(Source data):
↓

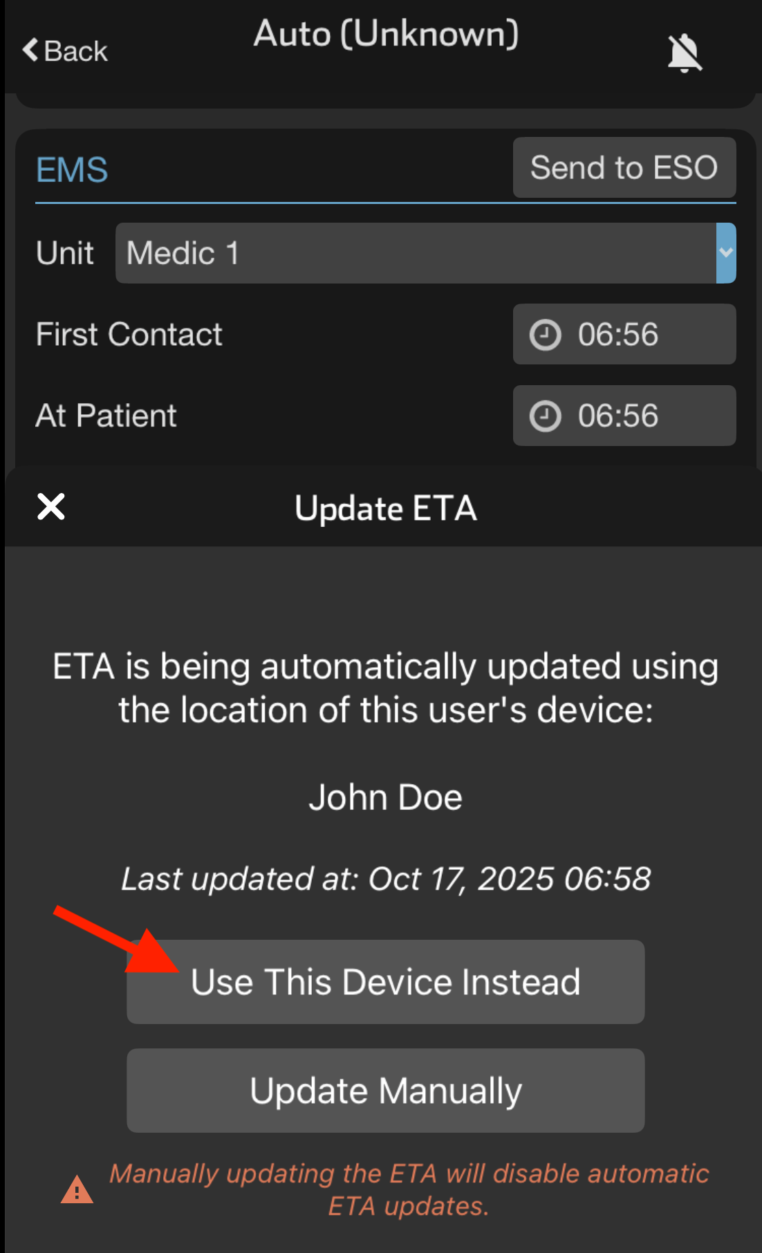 If multiple crew members and devices are on scene and on the patient channel, the device that is with the crew transporting the patient can be switched to continue Auto-updating ETA.
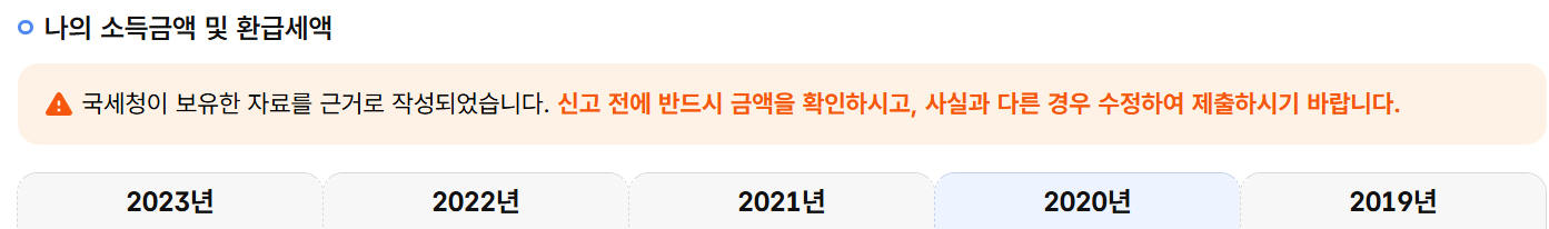 [ 년도별 소득금액 / 환급예상세액 확인 가능 ]
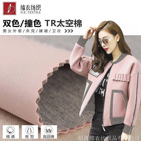 厂家直销粗针单面绒面料、男装女装服装面料 欧标双色麻灰TR 3D太空棉弹力针织染色太空层棒球服卫衣女装面料 现货供应 纯色棉布料 棉弹染色斜纹面料 女装童装连衣裙衬衫用布 165G/M2 40SCVC奥代尔拉架布/男装面料/女装面料

↑

(What you are asked to do):
Set the listing down again exactly, skipping each picture.

(Written response):
 If multiple crew members and devices are on scene and on the patient channel, the device that is with the crew transporting the patient can be switched to continue Auto-updating ETA.
 [ 년도별 소득금액 / 환급예상세액 확인 가능 ]
 厂家直销粗针单面绒面料、男装女装服装面料 欧标双色麻灰TR 3D太空棉弹力针织染色太空层棒球服卫衣女装面料 现货供应 纯色棉布料 棉弹染色斜纹面料 女装童装连衣裙衬衫用布 165G/M2 40SCVC奥代尔拉架布/男装面料/女装面料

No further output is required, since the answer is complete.